- For you, after multiple twitch accounts and profiles of renowned players have been hacked
There are different ways to crack peoples passwords. One popular way is called "brute-forcing". The method is rather simple and straightforward:
Just try every single possible password there is (and hope that one will fit).
Of course not manually, no. Computers are way faster at carrying out that job for you, plus they don't get tired and don't want to get paid.
But how does this work?
Maybe you guessed it already: How apt a password is in resisting this hacking-method, depends on mainly 2 things.
Examples
So then, you say: I should be safe if I used something like.. lets say 8 letters, right? Thats already 26^8 possible passwords, which is like a fuckton of them (26*26*26*26*26*26*26*26) = 200 Billion, approximately.
well yes it is a fuckload of passwords, but we underestimate how good computers are at this game. To sum it up, even the lowest of potatoes nowadays can crunch at least 100,000 passwords a second. Is your PC any good? Then it can probably do 10,000,000 a second. With that, an 8 letters password is successfully guessed after approximately 6 hours - basically over night.

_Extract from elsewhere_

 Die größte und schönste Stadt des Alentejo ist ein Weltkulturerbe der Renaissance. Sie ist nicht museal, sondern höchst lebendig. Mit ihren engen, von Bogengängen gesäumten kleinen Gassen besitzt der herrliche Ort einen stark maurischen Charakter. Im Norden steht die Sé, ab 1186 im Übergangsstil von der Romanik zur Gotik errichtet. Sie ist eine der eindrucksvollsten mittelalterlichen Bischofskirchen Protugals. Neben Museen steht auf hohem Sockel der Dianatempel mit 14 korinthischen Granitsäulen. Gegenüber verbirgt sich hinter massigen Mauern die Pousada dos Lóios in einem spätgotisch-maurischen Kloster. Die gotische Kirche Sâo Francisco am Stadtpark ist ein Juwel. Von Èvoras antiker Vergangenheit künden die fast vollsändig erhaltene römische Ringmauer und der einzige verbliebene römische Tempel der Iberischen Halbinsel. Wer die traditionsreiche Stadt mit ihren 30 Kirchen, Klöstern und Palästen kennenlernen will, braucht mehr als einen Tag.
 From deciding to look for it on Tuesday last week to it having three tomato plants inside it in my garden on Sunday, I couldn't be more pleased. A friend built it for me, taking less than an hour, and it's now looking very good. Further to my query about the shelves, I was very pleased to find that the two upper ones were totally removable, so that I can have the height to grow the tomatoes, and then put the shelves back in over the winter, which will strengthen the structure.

Got an 8 letters or lower password somewhere? Change it. Now. Seriously.
Moving on to scary things that technology can do:
Thought 10,000,000 sounded like a lot? Think again. This one checks in at a mind-blowing 350,000,000,000 passwords a second.
If you caught yourself counting zeros, then no.. I didn't make a mistake. 350 billion it is.

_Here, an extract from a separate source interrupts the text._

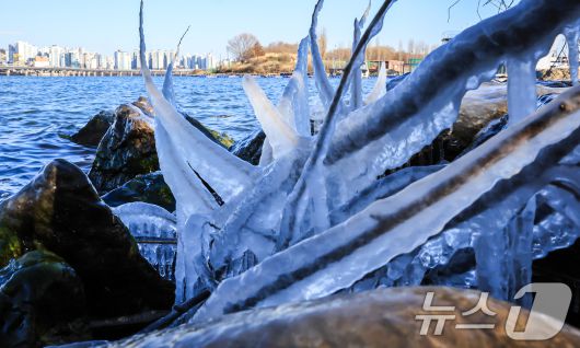 (서울=뉴스1) 김진환 기자 = 한낮에도 영하권 추위가 이어지는 26일 오후 서울 영등포구 여의도 인근 한강에 고드름이 얼어있다. 기상청은 주말인 27일 아침까지 영하 10도 안팎의 추위가 이어질 것으로 예보했다. 2025.12.26/뉴스1

350 billion? I don't understand what that means in practice
Here is a nice chart for everyone who wants to know how long it takes to break a particular password.
Alternatively you can calculate (password length^number of possible characters)/(number of guesses per second*60*60*24) for the number of days it takes someone to crack your password. Consider everything above 5 to be reasonable safe. If you have a dedicated stalker, lets say 15. If you are a celebrity, better go with 150.
Lastly, if your password has words in it, be warned. Most computers don't just brute-force randomly, but instead come equipped with dictionaries. So if your password has a word in it, or two words combined with no alterations like random numbers or CAPS characters at random places, your password will be done for in a matter of seconds.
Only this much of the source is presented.